Die Linke ist und war eher eine sozialdemokratische Partei. Sie hat den Platz eingenommen, den SPD und Grüne seit 1998 mit dem ersten Kriegseinsatz der Bundeswehr seit dem Kriegsende 1945 und der Verabschiedung der Erwerbslosendrangsalierungsgesetze namens Hartz I bis IV geräumt haben. Das ist angesichts der herrschenden Kräfteverhältnisse durchaus ein hohes Gut. Denn diese Verhältnisse haben seither keine relevante Kraft links der Linken wachsen lassen oder sie gar selbst in eine ernsthaft antikapitalistische Kraft verwandelt. Im Gegenteil: Die anderen politischen Parteien sind mittlerweile immer weiter nach rechts gedriftet, was sich derzeit eindrücklich an deren Haltung in der Asylpolitik studieren lässt.

Insofern ist eine Kraft links von all dem eine objektive Notwendigkeit, so halbherzig bei ihr politische Praxis und Gesellschaftsanalyse daherkommen mögen. Ob sie wieder eine Kraft mit relevantem Wähler- und Unterstützerpotenzial aus sozialen und zivilgesellschaftlichen Gruppen werden kann, ist angesichts ihrer Schwächung infolge des Dauerkonflikts mit dem Lager um Sahra Wagenknecht und Oskar Lafontaine in den letzten Jahren offen. Daran ändert sich auch nach dem Exodus dieser Leute nichts, deren Kritik seit 2017 immer destruktiv, unsolidarisch und inhaltlich schon länger mit nach rechts offenen Politikansätzen verbunden war.

Die alten Grundkonflikte innerhalb der Linken werden derweil auch nach dem Weggang Wagenknechts und ihrer Getreuen fortbestehen.
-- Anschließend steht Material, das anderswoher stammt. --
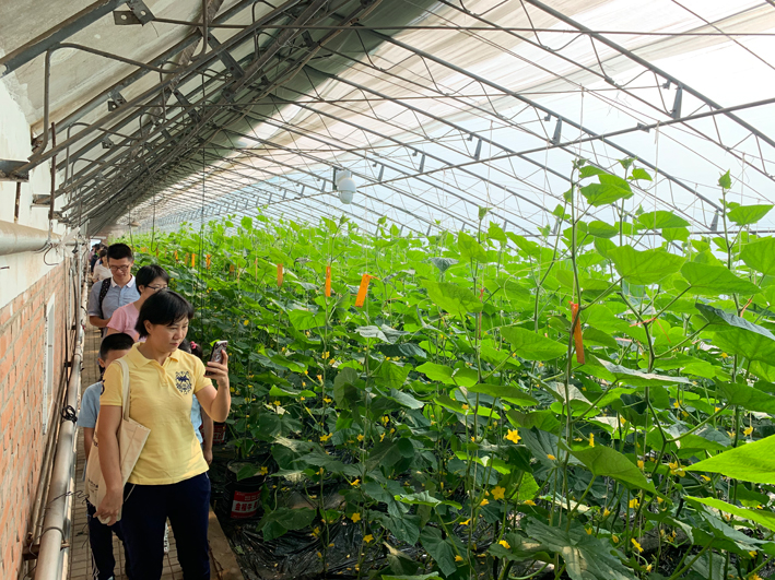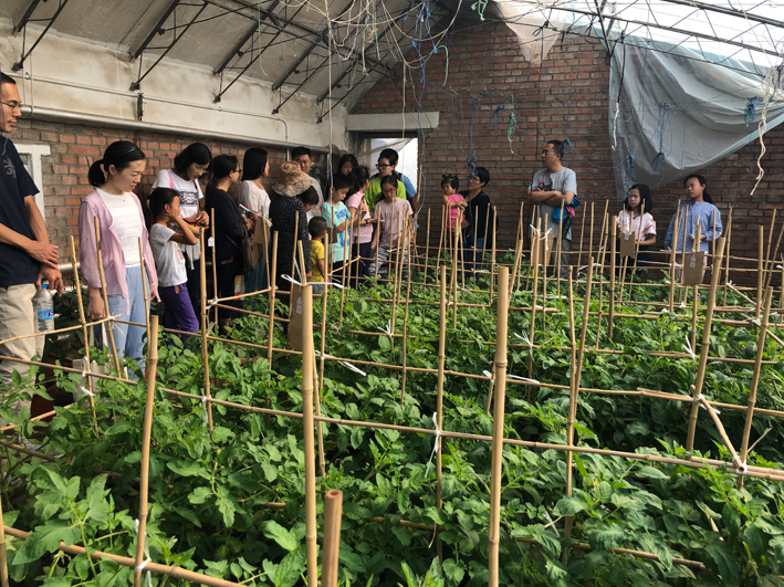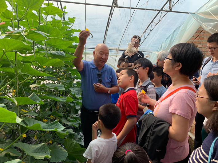 参观黄瓜大棚,试验农场场长马宾生为小朋友讲解黄瓜授粉过程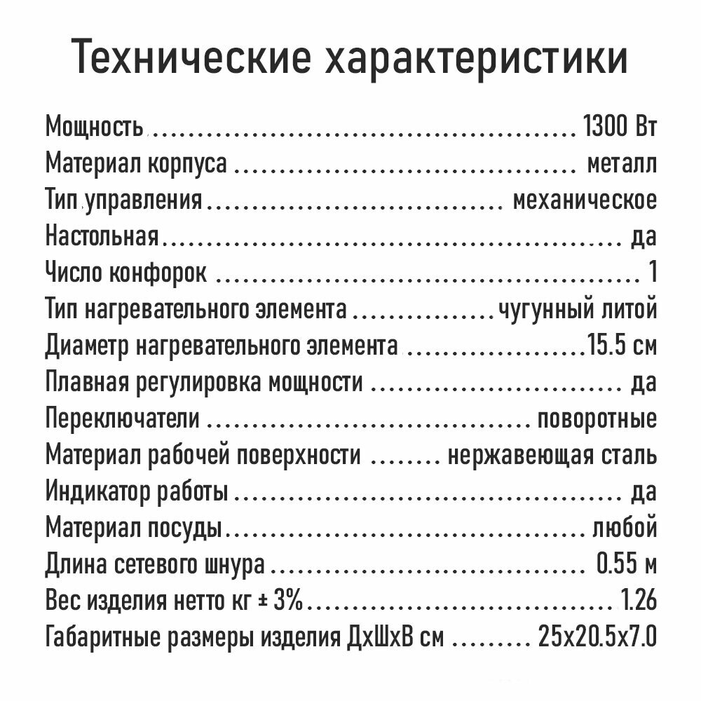 Электрическая настольная плитка чудесница ЭЛП-804, 1500 Вт, черный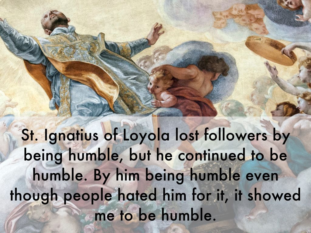 St. Ignatius of Loyola lost followers by being humble, but he continued to be humble. By him being humble even though people hated him for it, it showed me to be humble.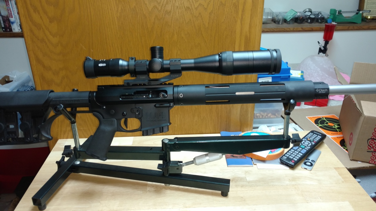 Right now, it has a Magpul PRS stock, Rifle length gas system, Geisslele National Match DMR trigger, Vortex Viper PST 6-24X50 FFP scope, YHM handguard, Atlas bipod.

Sie könnten in absehbarer Zeit erneut zu tiefen Zerwürfnissen führen. Es sei denn, es gelingt ihr, mit ihnen konstruktiv umzugehen. Das wird nicht einfach. Und natürlich braucht die Partei Konzepte, wie sie auch mit praktischen Maßnahmen aus der Krise kommt. Einige gibt es schon, sie umzusetzen wird angesichts der in den letzten Jahren stark gesunkenen Mitgliederzahl eine gewaltige Herausforderung. Denn einige Hundert Neueintritte aktuell sind wohl eher die sprichwörtliche Schwalbe, die noch keinen Sommer macht.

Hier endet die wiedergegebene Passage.